Duplicate records are absolute analysis killers. The effect that duplicate records have on your analysis can be far-reaching, corrupting almost every metric, summary, and analytical assessment you produce. It is for this reason that finding and removing duplicate records should be your first priority when you receive a new dataset.
Before you begin examining the dataset to find and remove duplicate records, consider how you define a duplicate record. Look at the table shown in Figure 10-1, where you see 11 records. Of the 11 records, how many are duplicates?
If you were to define a duplicate record in Figure 10-1 as a duplication of only the SicCode, you would find 10 duplicate records. That is, of the 11 records shown, 1 record has a unique SicCode, and the other 10 are duplications. Now, if you were to expand your definition of a duplicate record to a duplication of both SicCode and PostalCode, you would find only two duplicates: the duplication of postal codes 77032 and 77040. Finally, if you were to define a duplicate record as a duplication of the unique value of SicCode, PostalCode, and CompanyNumber, you would find no duplicates.
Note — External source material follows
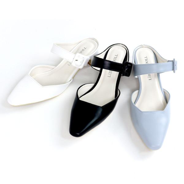 ミュール パンプス スクエアトゥ ストラップ 太ヒール チャンキーヒール ミドルヒール セパレート サンダル つっかけ 踵なし 低反発 クッション 楽 履きやすい 歩きやすい 美脚 おしゃれ 可愛い かわいい きれいめ 大人 上品 合皮 合成皮革 PUレザー 婦人靴 靴 シューズ レディースシューズ 女子 女性 レディース レディス LiBERTYDOLL リバティードール 黒 ブラック 白 ホワイト 青 ブルー 銀 シルバー 3.5cmヒール 0.2cmプラットフォーム S 22.5cm 23cm M 23.5cm L 24cm LL 24.5cm

This example shows that having two records with the same value in a column doesn’t necessarily mean that you have a duplicate record. It’s up to you to determine which field or combination of fields best defines a unique record in the dataset.
After you have a clear idea of which field or fields best make up a unique record in the table, you can remove duplicates easily by using the Remove Duplicates command.
Figure 10-2 illustrates the removal of duplicate rows based on three columns. Note the importance of selecting the columns that define a duplicate. In this case, the combination of Address, CompanyNumber, and CompanyName defines a duplicate record. You select these columns before clicking the Remove Duplicates command on the Home tab of the Power Query ribbon.
If you make a mistake and remove duplicates based on the wrong set of columns, don’t worry: You can always use the Query Settings pane to delete that step. Right-click on the Removed Duplicates step and select Delete (see Figure 10-3). Alternatively, you can click the X next to the Remove Duplicates step.
There are two kinds of blank values: null and empty string. A null is essentially a numerical value of nothing, whereas an empty string is equivalent to entering two quotation marks (“”) in a cell.
Blank fields aren’t necessarily a bad thing, but having an excessive number of blanks in your data can lead to unexpected problems when analyzing it.
Your job is to decide whether to leave the blanks in the dataset or fill them with actual values. Consider the following best practices:
Power Query shows the word null for any null value in your data. Replacing the null values is as simple as selecting the column or columns you want to fix and then selecting the Replace Values command, as shown in Figure 10-4.
The Replace Values dialog box, shown in Figure 10-5, opens. After you enter the word null as the value to find, you can then enter the value you want to use instead. In this case, enter 0 as the Replace With value.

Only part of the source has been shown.